Похоже, я не буду есть остаток своего обеда.

— Прекрасно. Мы можем воспользоваться главным конференц-залом, пока не начнется собрание.

Изабель кивает. Я выхожу вслед за ней из своего кабинета и останавливаюсь у стола Селесты, бросая стопку бумаг, составляющие мой брачный контракт, на стойку.

— Отнеси это в юридический отдел, — инструктирую я. — Я хочу, чтобы они просмотрели каждое слово и дали мне памятку с перечислением всех отличий от оригинального контракта, который был составлен. Пусть они отметят каждое место, которое я тоже должен изучить. У меня нет времени читать все это самому. Еще раз. Скажи им, чтобы они бросили все свои дела. Я хочу, чтобы это было сделано к концу дня.

— Да, конечно, — Селеста хватает бумаги и спешит к лифтам.

Я шагаю к Изабель. Пока мы идем, она рассказывает мне об изменениях, которые были внесены в завтрашнее собрание. Главный конференц-зал находится в самом центре этажа, окруженный матовым стеклом.

— Чего хотела Скарлетт? — спрашивает Изабель, как только мы входим в зал. Могу сказать, что она пытается говорить небрежно, но сам по себе вопрос — аномалия. Мы с Изабель обсуждаем только дела. Вот почему мы хорошо работаем вместе.

Я расстегиваю пиджак и сажусь за стол.

— Нужно было уладить кое-какие дела.

— Она могла бы написать тебе.

— Она хотела поговорить лично, — я достаю заметки для собрания.

— Ты передумал жениться на ней? Она выглядет так, будто ей это необходимо.

Я почти улыбаюсь этому, представляя, как Скарлетт могла бы отреагировать на то, что она в чем-то нуждается. Этот вопрос наводит меня на мысль, что Ашер, возможно, не совсем ошибался, когда трижды говорил мне, что у Изабель ко мне непрофессиональные чувства. Я уверен, что слухи о кумовстве ходят, когда меня нет рядом, но я серьезно отношусь к своим обязанностям. Я не смешиваю бизнес ни с чем другим. Я никогда не встречался с сотрудниками и не занимался сексом на работе.

— Есть ли какой-то смысл говорить об этом? О моей личной жизни? — предупреждение пронизывает эти два вопроса.

Предупреждение, к которому Изабель не прислушивается.

— Я беспокоюсь о влиянии этой женщины на будущее нашей компании.

Теперь я знаю, что она ревнует.

— Ее влияние на будущее этой компании укрепит фамилию Кенсингтон, добавив миллиарды к моим активам и подарив мне детей, которым я все оставлю.

— Но ты не хочешь на ней жениться, не так ли?

Я не делаю того, чего не хочу. Есть и недостатки в том, чтобы родиться с таким богатством вкармане, которое большинство людей не может постичь.
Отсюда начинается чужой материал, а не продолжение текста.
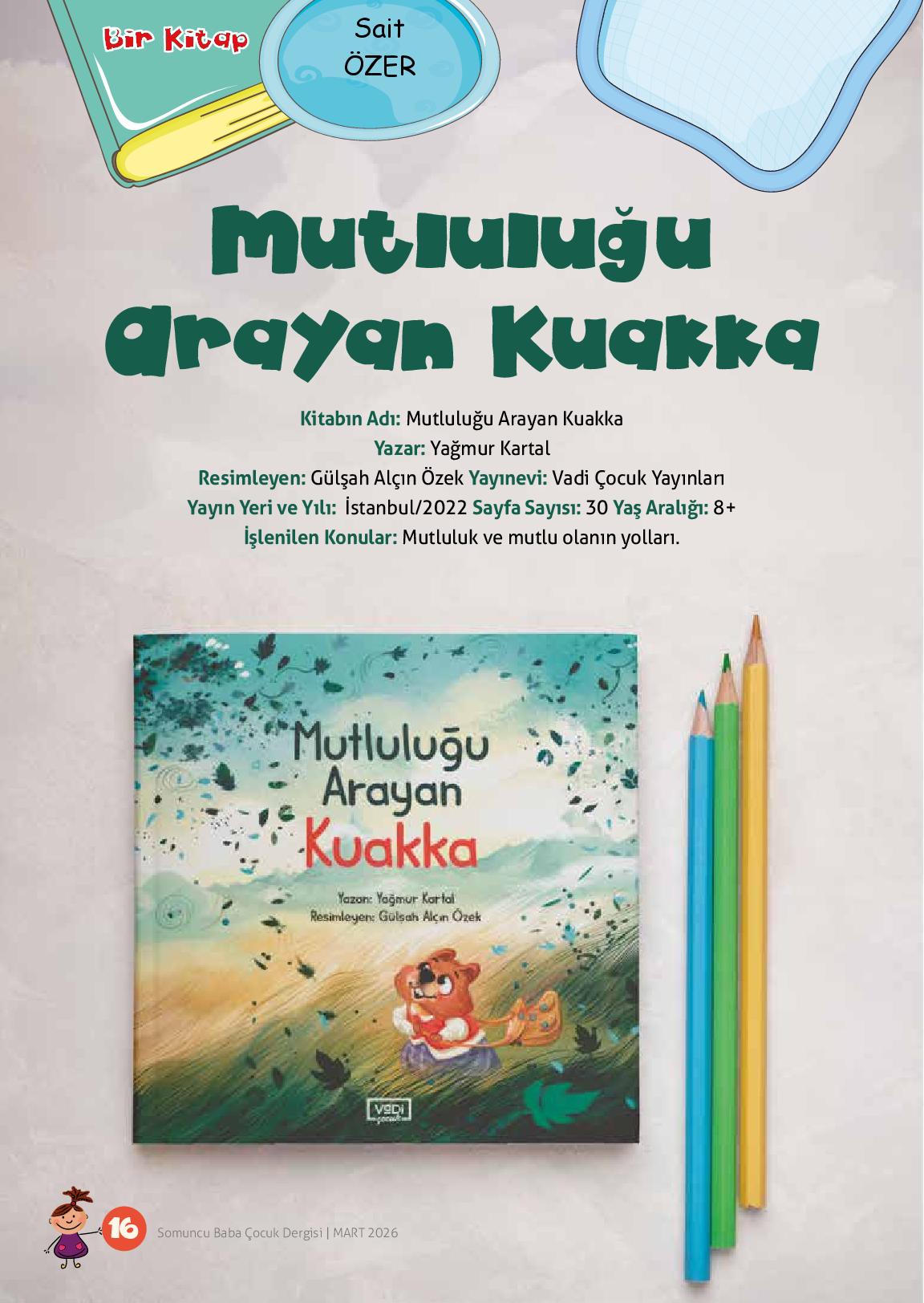 Kitabın Adı: Mutluluğu Arayan KuakkaYazar: Yağmur KartalResimleyen: Gülşah Alçın ÖzekYayınevi: Vadi Çocuk YayınlarıYayın Yeri ve Yılı: İstanbul/2022Sayfa Sayısı: 30Yaş aralığı: 8+İşlenen Konular: Mutluluk ve mutlu olanın yolları.Sevgili çocuklar isterseniz kitabımıza geçmeden ...

Но свобода никогда не была проблемой. Особенно когда речь идет о важном, судьбоносном выборе. Если бы я не хотел жениться на Скарлетт, я бы нашел выход из ситуации много лет назад.

— Она сногсшибательна, и у нее чертова куча денег. У меня могли бы быть вариант и похуже, — я не знаю, почему продолжаю поддерживать этот разговор. Думаю, больше никто не придет на встречу раньше времени. И мне нравится работать с Изабель. Я горю желанием избавить ее от любого представления о том, что между нами может что-то произойти. — Мы коллеги, Изабель. Если бы я хотел узнать твое мнение о моей жизни за пределами этого офиса, я бы спросил.

Ее щеки розовеют от таких слов.

— Конечно. Просто присматриваю за тобой.

Мы оба знаем, что это не все, что она делает, но другие люди уже начали прибывать на встречу, поэтому я возвращаюсь к своим заметкам. Я вчитываюсь в то, что написано, не обращая никакого внимания на Изабель, сидящую напротив меня. И не замечаю ни одного приветствия, направленного в мою сторону.

Она сногсшибательна, и у нее чертова куча денег.

Именно так я только что описал Скарлетт. И то, и другое верно. Второй факт — главная причина, по которой я женюсь на ней. Первая — приятный, хотя и несколько неудобный бонус. Но «красивая» и «богатая» — не те два прилагательных, которые я бы использовала для описания Скарлетт Эллсворт. После двух разговоров я бы охарактеризовал ее как амбициозную.

Бесстрашную.

Настоящую.

Вот на что мне нужно обратить внимание.


3. Скарлетт

«Было бы очень легко разбить это стекло», — решаю я. Смотреть, как разлетаются осколки и растекается золотистая жидкость. Я перекатываю тонкую ножку бокала для шампанского между указательным и большим пальцами, пытаясь решить, будет ли временное волнение стоить неизбежного беспорядка.

Я решаю не думать об этом и делаю глоток шипучего напитка.

Пузырьки оставляют след в моем пищеводе и кипят в моем пустом желудке. Я ненавижу икру, но сегодня вечером мне подали только ее. Часть бесконечного позерства. Я бы убила за картошку фри. Возможность находиться где-нибудь, но не здесь.

Лунный свет отражается от поверхности бассейна, заливая сиянием идеально ровные камни и нетронутый ландшафт, который его окружает.

Я делаю глубокий вдох, продолжая смотреть на темную поверхность воды передо мной. Кислород циркулирует в моей крови. Углекислый газ пытается вырваться наружу. Я этого не допущу. Даже одно неприятное ощущение становится болезненным. Наконец, я выдыхаю.

Сладкое облегчение проходит через меня. Я чувствую себя живой. Обновленной. Свободной.

— Подумываешь о том, чтобы поплавать?

Я не реагирую на звук его голоса, даже когда осознание пробегает искрами по моей коже. Я действительно игнорирую этот насмешливый комментарий. Насколько я могу судить, у Крю есть две личности: привилегированный мудак и несносный мудак.

— Я выгляжу одетой для купания? — я дергаю за переливающееся шелковое платье, которое на мне надето, чтобы подчеркнуть его. Оно золотое. Моя мама выбрала его и отправила в мой пентхаус, чтобы я надела его сегодня вечером. Вероятно, в качестве напоминания Кенсингтонам, что я трофей, приз.

— Ты могла бы искупаться нагишом.

Я фыркаю.

— Держу пари, тебе бы это понравилось.

— Да, — отвечает Крю, останавливаясь рядом со мной. — Очень, — его голос стал глубоким и хриплым, и это сеет хаос у меня внутри.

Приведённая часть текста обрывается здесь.